“No other president,” it concludes, “has flouted the Constitution and power of Congress to conduct oversight to this extent.” In singling out Trump’s defiance, Democrats compare him unfavorably to Nixon, who, despite infamously refusing to hand over tapes from the White House’s secret recording system, instructed his staff to cooperate voluntarily with the impeachment inquiry that ultimately led to his resignation.
The Democrats’ focus on obstruction is neither new nor surprising. Immediately after launching the impeachment probe, the party made a crucial decision to largely abandon its attempts to compel the production of documents and witnesses from the administration through the courts; instead, they simply responded to each ignored subpoena by warning Trump and his aides that the refusal could be grounds for an obstruction charge. The move was an early sign that Democrats intended to move quicker than former Special Counsel Robert Mueller did in his two-year investigation into Russian interference in 2016 and would not allow the Trump administration to essentially run out the clock by forcing Democrats into court fights that would drag impeachment close to, or beyond, the 2020 election.
The report devotes dozens of pages to documenting each instance in which the administration withheld a requested document or blocked a witness from testifying.
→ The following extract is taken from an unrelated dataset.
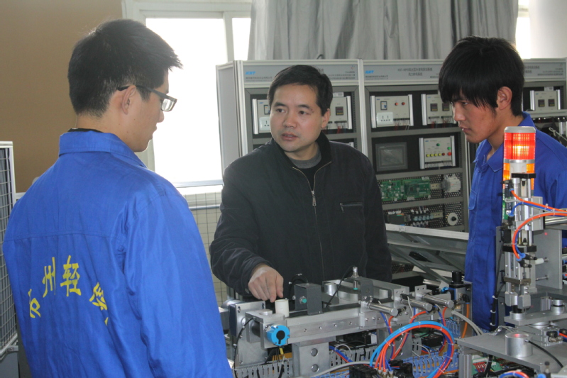 韓迎輝是我院93屆畢業(yè)生,在校學(xué)習(xí)的是塑料成型專業(yè),畢業(yè)后,先后在常州中化勤豐塑料有限公司和常州華威模具有限公司擔(dān)任過技術(shù)員、助理工程師、設(shè)備主管等職。在工作中,他逐漸對(duì)電氣自動(dòng)化的領(lǐng)域產(chǎn)生濃厚興趣,開始不斷鉆研相關(guān)知識(shí)與技能,成為公司的技術(shù)骨干。2005年他來院代課,2006年正式來院工作,成為電子系電氣自動(dòng)化專業(yè)教師。整整十二年生產(chǎn)一線的工作,既造就了他吃苦耐勞的精神,又讓他養(yǎng)成了一絲不茍、精益求精的工作作風(fēng)。到校工作之后,他將這種精神和作風(fēng)融入到了教學(xué)和教練之中。

It also delivers on Intelligence Committee Chairman Adam Schiff’s promise to include, as part of its obstruction case, Trump’s attacks—verbally and via Twitter—on the officials who testified against him, which Schiff had characterized as witness intimidation.
Read: Trump’s impeachable tweet
Of course, Democrats also pointed out that the administration’s blockade did not succeed: Several current and former officials in the White House and the State Department cooperated with the inquiry despite the administration’s instructions not to, and their collective accounts, in private depositions, documents, and public testimony, provide the basis for nearly 300 pages outlining the Democrats’ core case against Trump.
The House and Senate will vote separately on individual articles of impeachment, and Democrats will try to appeal to Republicans by arguing, as they write in their report, that if left unanswered, Trump’s obstruction “risks doing grave harm to the institution of Congress, the balance of power between our branches of government, and the Constitutional order.” Still, Republicans have offered little indication that they are any more inclined to support an obstruction charge against Trump than they are to convict him based on his conduct toward Ukraine.
The likelihood of an obstruction impeachment charge is the culmination of a confrontation between two branches of government that began as soon as Democrats won control of the House in the midterm elections 13 months ago. Battles between Congress and the executive branch over proper legislative oversight go back to the beginning of the republic, but Trump turned a common skirmish into an all-out war by refusing at the outset to cooperate with any House investigations into either his own personal conduct or his administration’s policies. Indeed, Democrats are still weighing whether to expand their impeachment push to include articles specifically pegged to Trump’s obstruction of congressional oversight dating back to the beginning of the year, long before the Ukraine scandal erupted.
The president’s defiance of Congress has always been at the top of its list of grievances, just as his possible obstruction of justice was a focus of Mueller’s investigation as well. So while few could have predicted the precise circumstances that have put the Democratic House majority on the brink of impeaching this Republican president, the fact that their rap sheet will likely include a charge of obstruction may have been inevitable from the start.